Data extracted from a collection
++++++++++

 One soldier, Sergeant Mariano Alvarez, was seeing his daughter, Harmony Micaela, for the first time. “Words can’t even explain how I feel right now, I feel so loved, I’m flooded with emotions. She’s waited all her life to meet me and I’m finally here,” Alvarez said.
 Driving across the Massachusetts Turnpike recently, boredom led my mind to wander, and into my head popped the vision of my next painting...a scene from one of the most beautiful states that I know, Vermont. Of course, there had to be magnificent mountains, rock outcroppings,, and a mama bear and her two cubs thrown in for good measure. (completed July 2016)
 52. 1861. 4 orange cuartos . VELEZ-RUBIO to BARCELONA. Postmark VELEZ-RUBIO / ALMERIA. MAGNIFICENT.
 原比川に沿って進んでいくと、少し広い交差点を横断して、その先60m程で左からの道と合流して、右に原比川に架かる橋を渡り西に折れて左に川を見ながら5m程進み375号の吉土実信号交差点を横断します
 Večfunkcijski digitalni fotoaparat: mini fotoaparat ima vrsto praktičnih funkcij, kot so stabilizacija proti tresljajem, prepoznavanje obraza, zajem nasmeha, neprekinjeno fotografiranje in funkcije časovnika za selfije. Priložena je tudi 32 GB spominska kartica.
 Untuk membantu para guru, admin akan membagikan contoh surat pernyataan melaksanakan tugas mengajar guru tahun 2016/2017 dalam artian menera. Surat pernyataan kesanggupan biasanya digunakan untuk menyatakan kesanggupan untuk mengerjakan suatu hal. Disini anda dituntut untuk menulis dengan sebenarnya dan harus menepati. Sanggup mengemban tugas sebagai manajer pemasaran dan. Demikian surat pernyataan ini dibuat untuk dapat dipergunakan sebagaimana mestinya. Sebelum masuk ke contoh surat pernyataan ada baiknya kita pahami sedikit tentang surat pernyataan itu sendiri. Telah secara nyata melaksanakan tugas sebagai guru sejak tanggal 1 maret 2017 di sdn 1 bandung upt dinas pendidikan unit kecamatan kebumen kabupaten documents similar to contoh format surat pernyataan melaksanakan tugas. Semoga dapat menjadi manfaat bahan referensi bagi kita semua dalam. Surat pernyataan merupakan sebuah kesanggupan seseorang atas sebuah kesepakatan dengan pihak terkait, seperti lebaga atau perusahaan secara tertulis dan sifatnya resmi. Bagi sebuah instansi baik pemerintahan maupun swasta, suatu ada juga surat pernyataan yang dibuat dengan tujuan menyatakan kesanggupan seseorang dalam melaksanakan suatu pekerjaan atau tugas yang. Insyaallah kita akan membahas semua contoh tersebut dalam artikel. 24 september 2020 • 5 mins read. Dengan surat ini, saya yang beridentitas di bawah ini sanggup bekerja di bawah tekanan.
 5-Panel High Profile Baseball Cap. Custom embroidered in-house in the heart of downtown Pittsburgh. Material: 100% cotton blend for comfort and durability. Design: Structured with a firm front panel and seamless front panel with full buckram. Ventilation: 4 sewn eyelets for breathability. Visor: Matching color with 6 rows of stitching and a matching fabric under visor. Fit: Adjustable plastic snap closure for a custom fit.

++++++++++

» **Task requirements**: Starting at the line above that holds "52. 1861. 4" and ending at the line that holds "Večfunkcijski digitalni fotoaparat: mini", transcribe each line exactly and include no other lines.

» **Answer area**:
 52. 1861. 4 orange cuartos . VELEZ-RUBIO to BARCELONA. Postmark VELEZ-RUBIO / ALMERIA. MAGNIFICENT.
 原比川に沿って進んでいくと、少し広い交差点を横断して、その先60m程で左からの道と合流して、右に原比川に架かる橋を渡り西に折れて左に川を見ながら5m程進み375号の吉土実信号交差点を横断します
 Večfunkcijski digitalni fotoaparat: mini fotoaparat ima vrsto praktičnih funkcij, kot so stabilizacija proti tresljajem, prepoznavanje obraza, zajem nasmeha, neprekinjeno fotografiranje in funkcije časovnika za selfije. Priložena je tudi 32 GB spominska kartica.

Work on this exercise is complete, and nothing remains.